The new label on sunscreen - where the manufacturer uses terms like broad spectrum and includes the SPF factor - may also say that the product protects against skin cancer and early skin aging.  The reason the manufacturers can make this claim (as long as its SPF greater that 15 and broad spectrum) is because the company has to provide scientific evidence to the FDA that the product offers broad spectrum protection and spf 15 or higher, and those two factors have been empirically tested in regards to the protection they offer against skin cancer and early skin aging (think wrinkles). 

In addition, the label will now tell you how long you can wear the sunscreen while swimming or sweating before the sunscreen needs to be reapplied.  In other words, the sunscreen can be water resistant, but that declaration has to come with a time frame that has been tested.

The issue of  whether or not SPF protection over 50 is possible, has not been resolved, nor has the issue about spray-on sunscreens (they may not cover the body completely and may have toxic fumes).  However, any sunscreen with SPF under 15 has to have a warning that it does NOT protect you from either sun damage or skin cancer.  

I echo the sentiments of many others when I say, use lotion not spray, choose between SPF 30 and 50 and reapply every two hours, but I add this caveat.. . unless you are employed as an outside worker, 2 hours of direct sun a day is bordering on too much.  You need more than sunscreen  - long sleeves, hats, sunglasses for example.

I ran out of my sunscreen last weekend.  I had the spray-on kind, but after reading that the concerns about the fumes and full body protection continue, I opted for a lotion this time.  I agree that SPF 30 is sufficient.  I did choose a product with the SCF Recommendation Active.  Here are photos of my label.  Notice the information about how long this lotion is expected to protect me.

You can see the broad spectrum and SPF declarations and that this lotion is water resistant with the 80 minutes in parenthesis.  I have read that it might be a good idea to avoid oxybenzone, so I like that this product is free of it.  (Oxybenzone may have endocrine effects (related to hormone secretion/disruption)).  I later noticed that this compound is in the sunscreen lotion I recently purchased for my face.

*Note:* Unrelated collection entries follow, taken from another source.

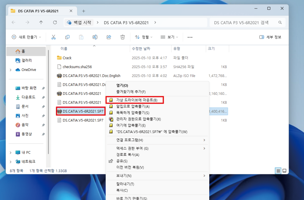 서비스팩 파일을 "가상드라이브에마운트" 시켜 줍니다.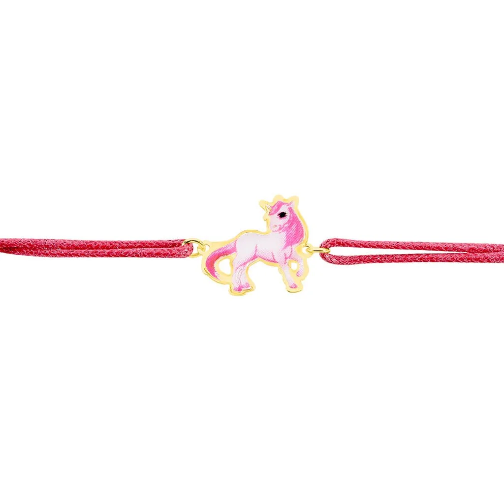 Bracelet Or Jaune 375/1000 Motif Poney Smalto Rose Cordon Rose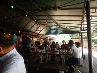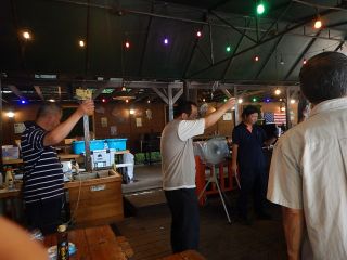 気温が35℃を超える中、BBQ大会が始まりました。美味しいお肉、野菜、海鮮を堪能しつつ・・・あまりの暑さにみんなで売店でかき氷を購入したり・・・

This  bothers me.  However, there is no scientific consensus on oxybenzone risks and               many dermatologist still                                                                       recommend it.  Read more here and here.)

The SCF seal is on the back of the bottle.  In the section that begins, Sun Protection Measures, is the language about sun exposure and risk for cancer and early skin aging and how products with broad spectrum and spf + 15 can protect against this risk.

*Epstein, J. H. (1983). Photocarcinogenesis, skin cancer, and aging. Journal of the American Academy of Dermatology, 9(4), 487-502.

**I read in a newspaper article that the companies who wish to submit their product information for a test to receive the SCF seal, must pay a fee or make a donation.  I do not know if that is true, but I have emailed a contact person at the SCF to find out. Meanwhile, the other information about broad spectrum and SPF language is by law and regulated by the FDA.